La controversia suscitada por el caso de la niña Andrea Lago ha asociado otra vez dignidad a muerte, muerte a autonomía del individuo, defensa de la vida a inexorabilidad de la muerte. En el debate, tan viejo como nuestra propia cultura, se entrecruzan consideraciones morales, éticas y de deontología (la de los médicos que han accedido a retirar la alimentación y sedarla); y coinciden también hondas reflexiones religiosas y laicas, y aun aquellas que forman parte de la ideología espontánea de la mayoría. Aparecen palabras como eutanasia, de difícil digestión, y otras que remiten al Código Penal. Mientras tanto, en su último refugio --en el caso de Andrea, el lecho de un hospital-- alguien agota el final de su existencia en la mayor de las indefensiones, atado a la vida gracias a los avances de la tecnología y la farmacopea; alguien vive sin vivir porque su vida no es suya sino de las máquinas que se la procuran sin otra función que poner puntos suspensivos a un relato muy próximo al punto final.

¿Qué hacer entonces? El jesuita Ignacio Ellacuría, mente lúcida que siempre hilaba fino hasta que fue silenciada por los escuadrones de la muerte de El Salvador en 1989, reflexionaba en el Centro Borja de Sant Cugat del Vallés, un día de hace más de 30 años, sobre ese laberinto de la vida y de la muerte. Hablaba sobre todo del concepto de dignidad y de los significados que incorpora dependiendo del lugar, de la cultura y del momento. Y al hacerlo se remitía a la idea misma de acabar con la vida de forma ordenada e indolora cuando se convierte en una peripecia insoportable, inasumible, inhumana. No se pronunció Ellacuría sobre cuándo cabe considerar que se violenta la dignidad; sí creo recordar --las notas de aquella jornada son ilocalizables-- que exaltó el respeto debido a la autonomía del individuo que de forma consciente y plenamente informada decide dar el último paso antes de que su condición de ser humano se degrade del todo camino de la muerte.

Cuando se trata de una menor, Andrea, en el tramo final de una enfermedad neurodegenerativa irreversible, la autonomía solo pueden ejercerla quienes hasta entonces han tutelado su existencia y han procurado su felicidad. Mencionar simplemente la patria potestad resulta insuficiente, remite a la frialdad de la ley y a su aplicación; mencionar la patria potestad es meter las emociones y los afectos en los pasillos de un juzgado. No, no es eso, porque quienes persiguieron la felicidad de la niña persiguen hoy evitarle la aniquilación de su identidad.

En el sufrimiento gratuito no hay ninguna grandeza, solo sufrimiento; hace falta alguna razón o motivo para engrandecerlo. El sufrimiento del místico es a menudo incomprensible, pero el místico es capaz de explicar su grandeza. El héroe que pierde la vida en defensa de una noble causa dignifica la muerte, aunque con frecuencia resulta inextricable dar con las pulsiones que llevan al héroe a serlo. Todas las sociedades admiran a quienes aceptan voluntariamente padecimientos extremos que obligan a una existencia precaria o conducen a la aniquilación sin remedio. Nada de esto es equiparable con la enfermedad que esclaviza a quien la sufre.

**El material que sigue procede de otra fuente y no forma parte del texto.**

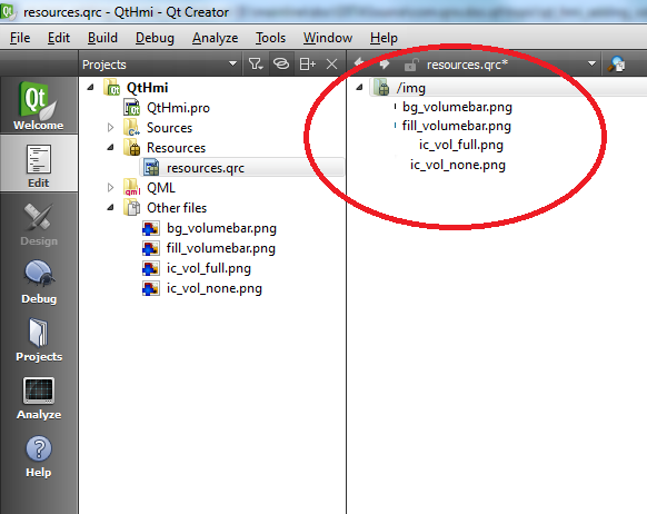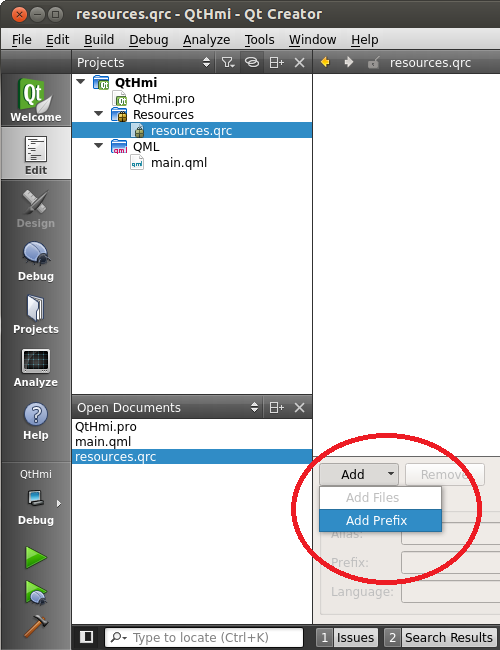 Open the resources.qrc file for editing, by right-clicking its entry in the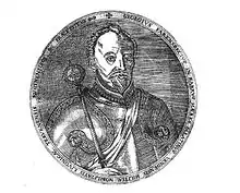 Jürgen von Farensbach [1] (1551–1602) (Russian: Юрий Францбек, Danish: Georg Farensbach, Polish: Jerzy Farensbach) was a Baltic German nobleman and Livonian general. Sent as the Ambassador of Livonian Confederation to Czar Ivan IV of Russia, for concluding a peace treaty, he entered the Russian service and won the battle on Oka against the Tatars on August 1, 1572. Later he served in the Danish and Polish armies. In 1586 Farensbach gained the rank a senator of the Polish crown granted by Sigismund III, whom he had assisted in gaining the throne of Poland. As field marshal of Poland he fought against the Swedish Empire, where he was killed in the attack on the castle of Fellin on May 17, 1602.[2]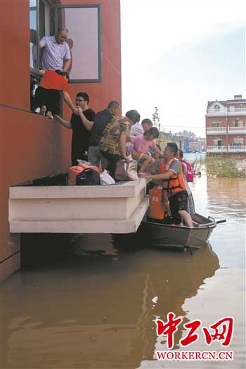 这是一个必须听从指挥的登船过程。小船与阳台之间有着一定高度的落差。稍有不慎,不仅被救者有可能跌入水中,小船也容易倾覆。
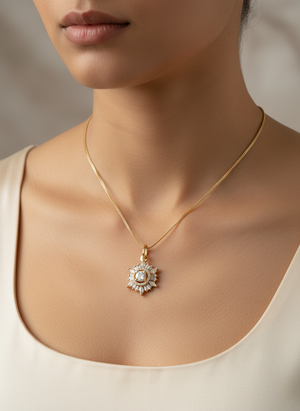 Ratmanee Sun Aura Pendant – Gold Necklace with Radiant Crystal Center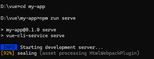 생성이 완료되면 새로 생성된 my-app 폴더로 이동한 다음 vue 애플리케이션을 실행한다.

La defensa de la vida es un imperativo categórico: cada individuo es genuinamente único e irrepetible. Pero tal imperativo limita con otro imperativo categórico: preservar la identidad y la dignidad de cada individuo, permitirle llegar al último recodo del camino siendo él mismo. De lo contrario, el primero de los imperativos se convierte en un mecanismo coactivo en manos fundamentalistas, incapaces de admitir que muchos --sean o no mayoría-- no ven en la vida mayor trascendencia que poderla vivir de forma razonablemente plena, consciente, libre y autónoma. En el desenlace dramáticamente humano de Million dollar baby, la gran película de Clint Eastwood, eso es lo que cuenta cuando el entrenador desconecta a la boxeadora de la máquina que la mantiene con vida; en el gesto del entrenador también hay un imperativo moral ineludible, como lo hubo en quien ayudó a morir a Ramón Sampedro.

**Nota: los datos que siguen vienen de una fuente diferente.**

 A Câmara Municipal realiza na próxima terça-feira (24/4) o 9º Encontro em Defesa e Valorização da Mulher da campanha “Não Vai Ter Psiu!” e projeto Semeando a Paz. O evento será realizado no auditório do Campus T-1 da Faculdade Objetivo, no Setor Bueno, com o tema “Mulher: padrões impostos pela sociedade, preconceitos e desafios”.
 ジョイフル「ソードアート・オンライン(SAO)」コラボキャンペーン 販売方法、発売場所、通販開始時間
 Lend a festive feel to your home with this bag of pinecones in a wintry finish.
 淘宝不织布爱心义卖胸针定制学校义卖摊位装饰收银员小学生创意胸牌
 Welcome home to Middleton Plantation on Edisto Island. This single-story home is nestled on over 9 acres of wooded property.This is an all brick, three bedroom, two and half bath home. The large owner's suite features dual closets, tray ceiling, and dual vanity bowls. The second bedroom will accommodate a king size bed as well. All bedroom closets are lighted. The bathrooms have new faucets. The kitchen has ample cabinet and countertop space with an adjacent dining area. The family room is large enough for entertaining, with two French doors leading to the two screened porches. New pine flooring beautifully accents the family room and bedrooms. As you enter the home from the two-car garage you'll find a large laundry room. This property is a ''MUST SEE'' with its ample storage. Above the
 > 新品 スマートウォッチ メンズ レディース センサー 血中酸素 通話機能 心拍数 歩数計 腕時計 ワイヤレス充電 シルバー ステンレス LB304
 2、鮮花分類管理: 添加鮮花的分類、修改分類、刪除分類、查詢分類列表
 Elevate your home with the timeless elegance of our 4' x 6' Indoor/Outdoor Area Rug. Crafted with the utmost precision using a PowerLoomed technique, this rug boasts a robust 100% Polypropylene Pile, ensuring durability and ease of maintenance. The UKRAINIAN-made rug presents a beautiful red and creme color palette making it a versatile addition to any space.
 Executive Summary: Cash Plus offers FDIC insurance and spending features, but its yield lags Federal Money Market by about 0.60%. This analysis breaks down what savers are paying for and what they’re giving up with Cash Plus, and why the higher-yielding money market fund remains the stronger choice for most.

"Hay que aceptar que acabamos. A mí me han dado la vida, quien fuera, y he procurado hacer lo que debemos hacer todos, vivir. Pero vivir siendo quienes somos, solo así alcanzaremos el máximo nivel", declaró el escritor José Luis Sampedro con 94 años, dos antes de morir. Lo más importante para él era "vivir siendo quienes somos", no a cualquier precio, no de cualquier forma. Cuando todo depende de una máquina, de la eficacia de las medicinas, cuando la aniquilación del individuo es anterior a la muerte misma, entonces no somos quienes fuimos, dejamos de existir aunque sigamos respirando. Y en ese último capítulo de la vida de Andrea, difuminada su individualidad por la enfermedad implacable, han comprendido sus padres que llegó la hora de una serena despedida.